Brothers, sons of the family of Abraham, and those among you who fear God, to us has been sent the message of this salvation. For those who live in Jerusalem and their rulers, because they did not recognize him nor understand the utterances of the prophets, which are read every Sabbath, fulfilled them by condemning him. And though they found in him no guilt worthy of death, they asked Pilate to have him executed. And when they had carried out all that was written of him, they took him down from the tree and laid him in a tomb. But God raised him from the dead, and for many days he appeared to those who had come up with him from Galilee to Jerusalem, who are now his witnesses to the people. And we bring you the good news that what God promised to the fathers, this he has fulfilled to us their children by raising Jesus, . . . (Acts 13:26-33a, ESV).

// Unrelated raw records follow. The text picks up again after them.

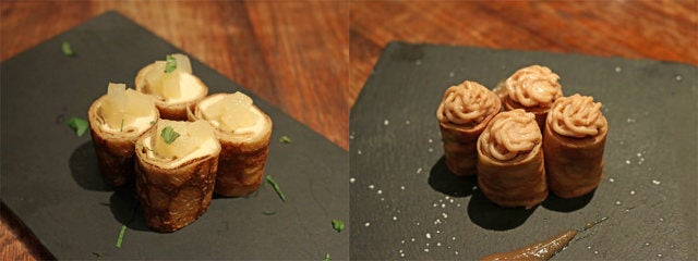 「洋ナシが乗ったクレープの中には、ブロンズチョコを。マロンクリームをあしらったクレープは、ブラックチョコのクリームを詰め込んでモンブラン仕立てにしました」。甘く香ばしいニュアンスのブロンズチョコを使って、高城さんは同店特製の塩バターキャラメルのクレープへオマージュする。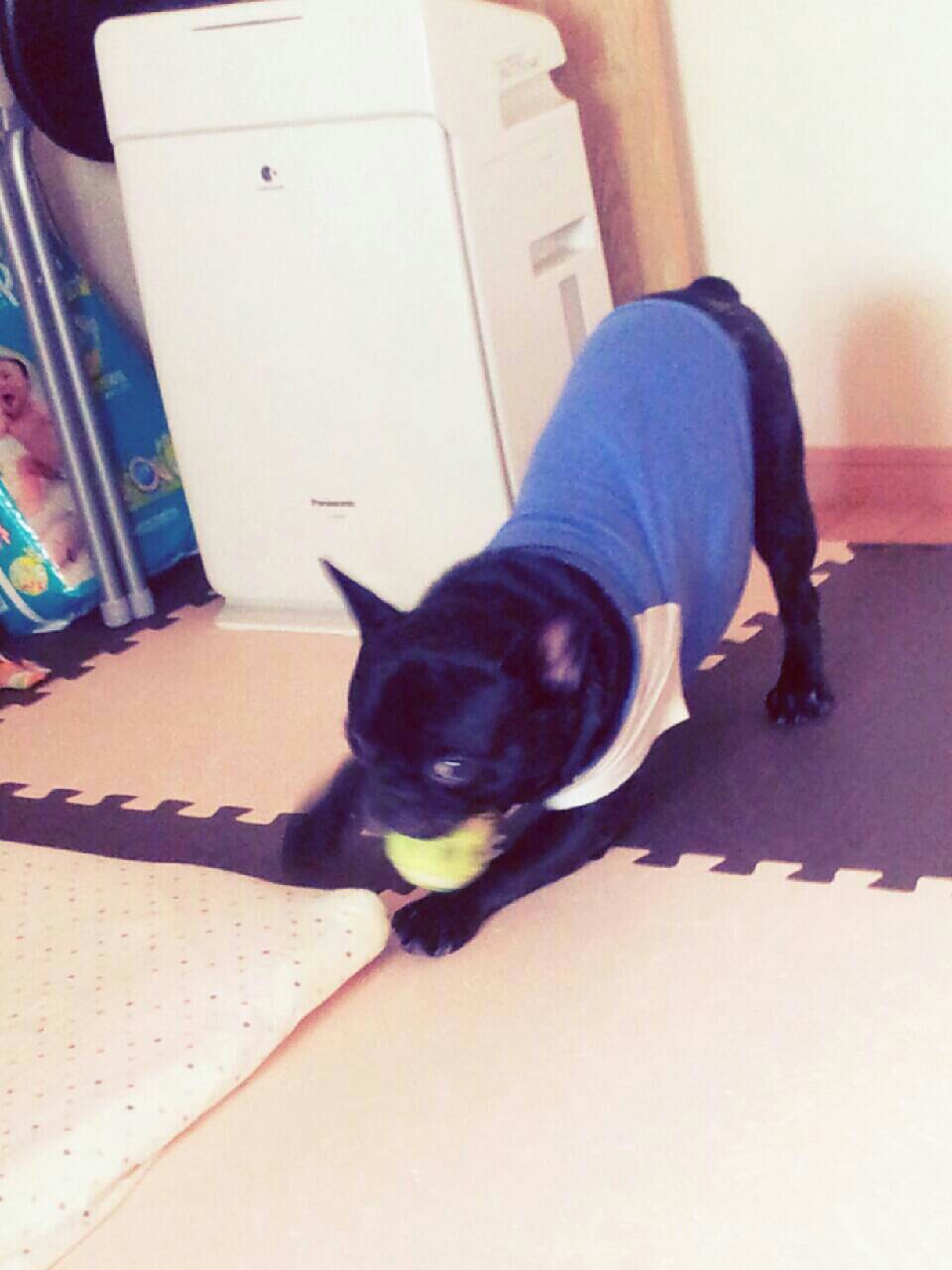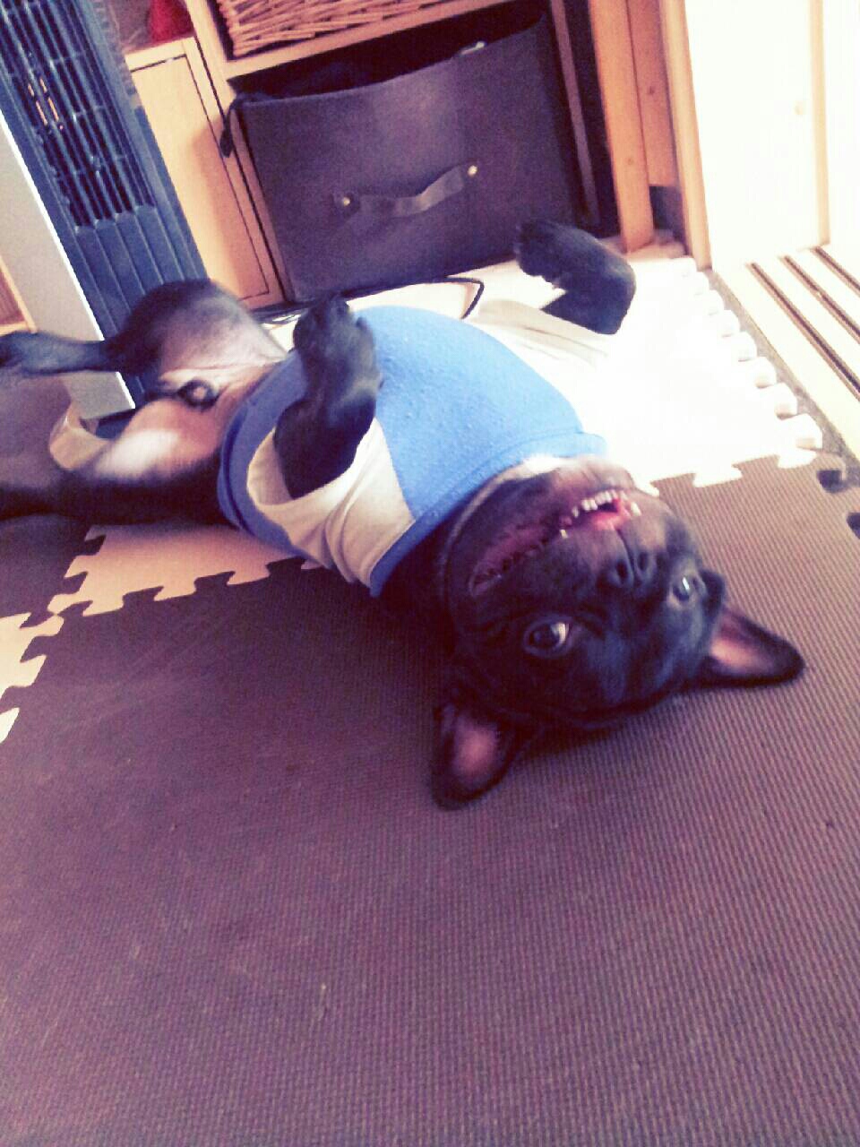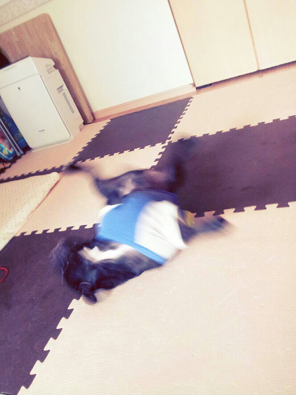 豆チャンがひっくり返って1人遊びを満喫してたので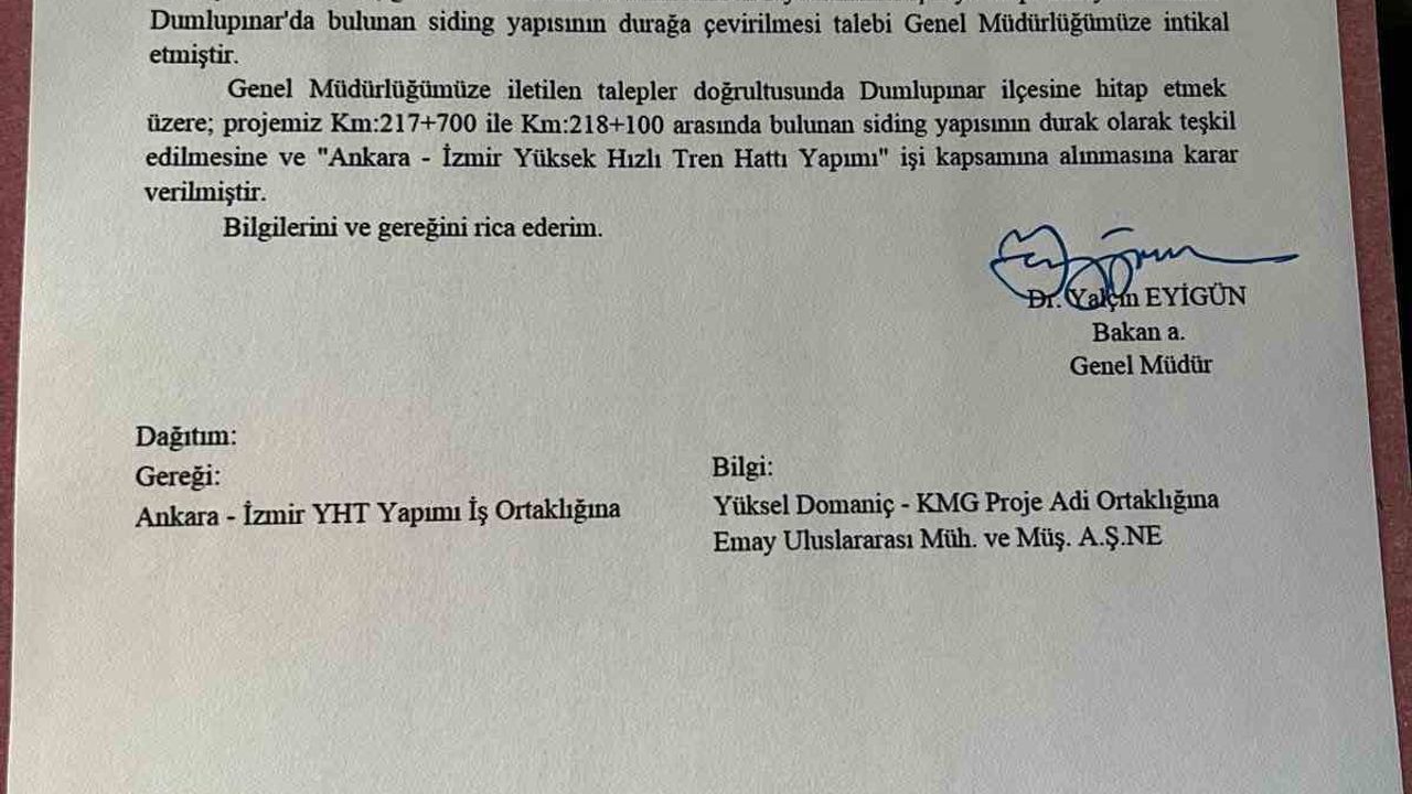 Başkan Işık, taleplerini AK Parti Kütahya İl Başkanı Ceyda Çetin Erenler ile milletvekilleri Adil Biçer, Mehmet Demir ve İsmail Çağlar Bayırcı aracılığıyla ilettiklerini belirtti. Ulaştırma ve Altyapı Bakanlığı’nın uygun görüşü ve Cumhurbaşkanı’nın kararnamesiyle onaylanan proje kapsamında, Dumlupınar sınırları içinde hızlı tren durağı yapılacak.

In Acts 13, Paul’s first missionary tour had begun, and he came to Antioch of Pisidia and went to the synagogue, where the leaders asked him to share a “word of encouragement” (v 15). And so he did. His message in some ways is similar to the one that Stephen preached in Acts 7 (and which we studied last Sunday). But in some ways it’s considerably different.

The most significant but not terribly surprising thing is that Paul takes the Old Testament to prove that Jesus is the Savior of Israel. He explains to the audience that the prophets pointed to Jesus . . . that he would be the descendant of David that God told David about, that he would be arrested and killed, that he would be resurrected, and that he would offer absolute forgiveness—something the Law of Moses simply couldn’t do.

The synagogue crowd was intrigued by Paul’s message, but then some of the religious leaders stirred up trouble, and a hugely significant turning point occurred: Paul turned his attention to Gentiles, and the course of Christianity changed.

Here are two big takeaways from this text:

1. Jesus is the fulfillment of God’s story . . . he is where the Old Testament was pointing, and this should strengthen our faith. Everyone has a “story” that shapes her or his life, and it’s important that the story we believe is actually true.

2. Satan will do anything he can to keep us from believing this, or, if we already believe it, he’ll try to distract us from its life-changing implications.

Reflection Questions

Start Praying

  • How can our class pray for you or a friend or loved one tonight?

Start Reading(read Acts 13:26-33)

  • What questions or observations did you have as you read the text? What jumped out at you?
  • What are the parts of Israelite history that Paul refers to in his sermon? [hint: patriarchs (v 17), rescue from Egypt (v 17), wilderness wandering (v 18), etc.]

Start Thinking

  • What two groups is Paul referring to when he says, “Men of Israel and you who fear God” (v 16) (also here: “Brothers, sons of the family of Abraham, and those among you who fear God,” v 26)?
  • What one thing about Jesus gets more of Paul’s attention than anything else?

Start Sharing

  • Sunday’s sermon mentioned the importance of the “story” that we believe. What was the point of that? Why does it matter?
  • Pluralism essentially means that we can choose from multiple stories to organize our lives, and that none is better than another. How does the message about Jesus challenge that?
  • After Paul’s sermon, some enemies of the faith disrupted the sharing and accepting of the gospel. What distractions does Satan use now to keep us from focusing on Christ?

Start Doing

  • This week at home, work, or school, how will your conviction that what Paul said is true affect your choices? Your relationships? Your marriage? How you use your money? How you handle success or tragedy?
  • Paul’s sermon hinges on the truthfulness of the resurrection. How does your belief in the empty tomb affect your daily life?

Start Praying(ACTS acronym)

  • Adoration: Praise God for what he’s done in Christ.
  • Confession: Confess how we so often forget about what God has done and is doing in the world through Christ.
  • Thanksgiving: Thank God for the empty tomb.
  • Supplication: Ask God to help all the members of this class find their place in God’s beautiful story.